Most of Philadelphia's prestigious teaching hospitals and their affiliates are saying no to an increasingly popular, yet increasingly criticized, form of medical insurance for the elderly.

The Pennsylvania Employee Benefit Trust Fund held 15 meetings with local state retirees last week to acquaint them with new health plans. Thomas and Eleanor Daws of Hershey's Mill talk during a meeting at the Inn at Chester Springs on Wednesday. (Bonnie Weller/Inquirer)
The Pennsylvania Employee Benefit Trust Fund held 15 meetings with local state retirees last week to acquaint them with new health plans. Thomas and Eleanor Daws of Hershey's Mill talk during a meeting at the Inn at Chester Springs on Wednesday. (Bonnie Weller/Inquirer)Read more

Most of Philadelphia's prestigious teaching hospitals and their affiliates are saying no to an increasingly popular, yet increasingly criticized, form of medical insurance for the elderly.

Among the first affected will be about 5,500 retired state employees who live in Philadelphia, Bucks, Montgomery, Chester and Delaware Counties.

They may not get care at any of the city or suburban hospitals affiliated with the University of Pennsylvania, Jefferson University, Crozer-Chester Medical System, and Temple University Hospital.

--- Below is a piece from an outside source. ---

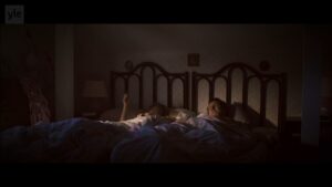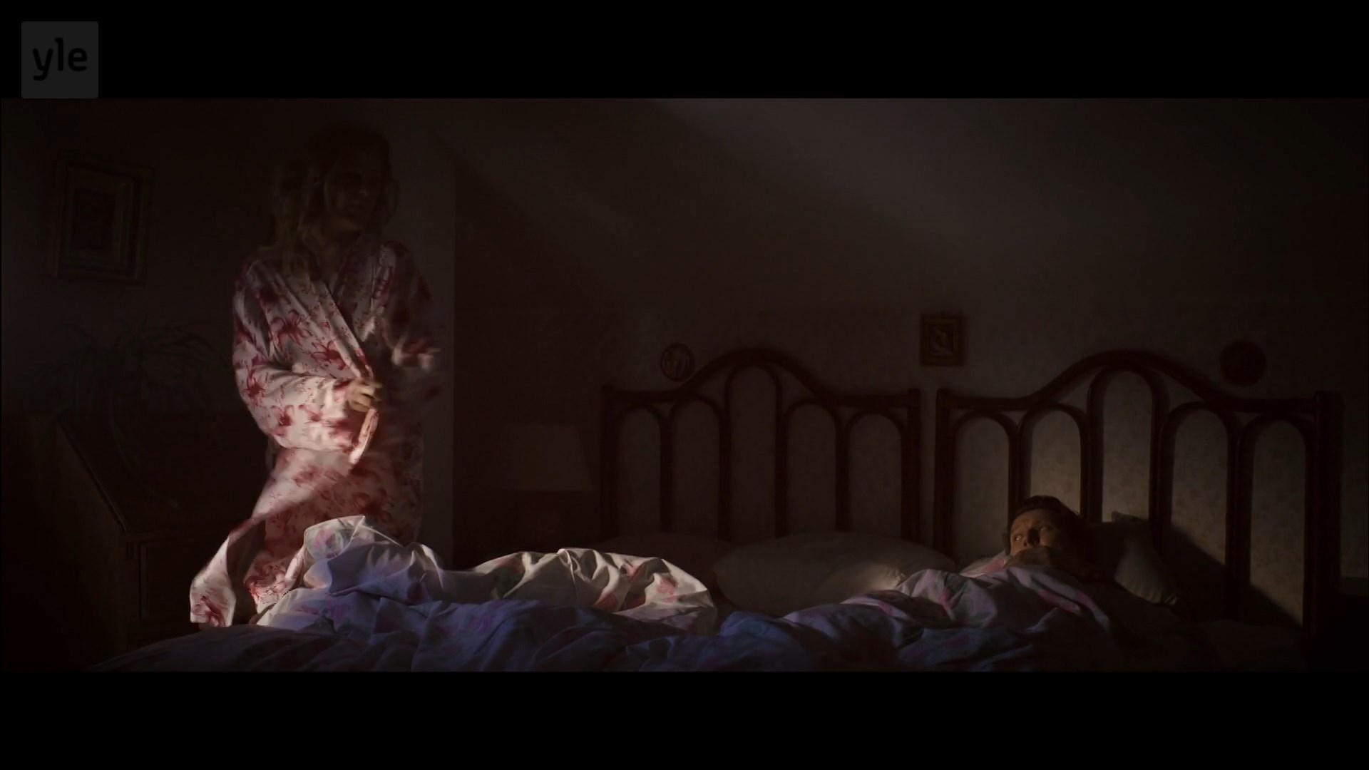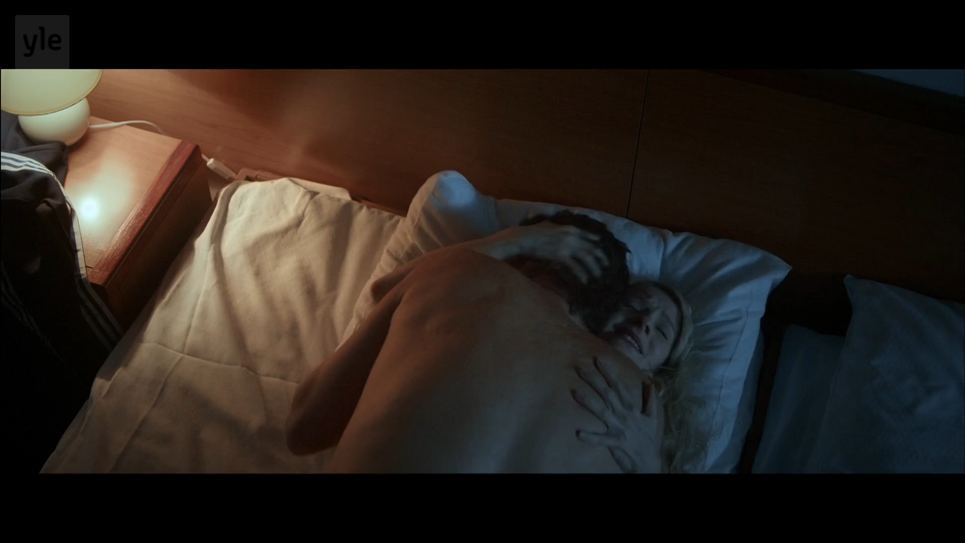 Pirjo Lonka shows her tits very briefly when she gets up from the bed

Among those are two major rehab facilities - Moss and Magee - as well as Albert Einstein Medical Center. So are some affiliated doctors.

The situation is coming to a head this week as the state of Pennsylvania, to save $94 million annually, is set to change its medical retirement benefit for its 62,000 retirees.

It also came to a head as health advocates testified before Congress that one of the kinds of plans offered to Pennsylvania retirees, known as a private fee-for-service plan, is wasteful and expensive.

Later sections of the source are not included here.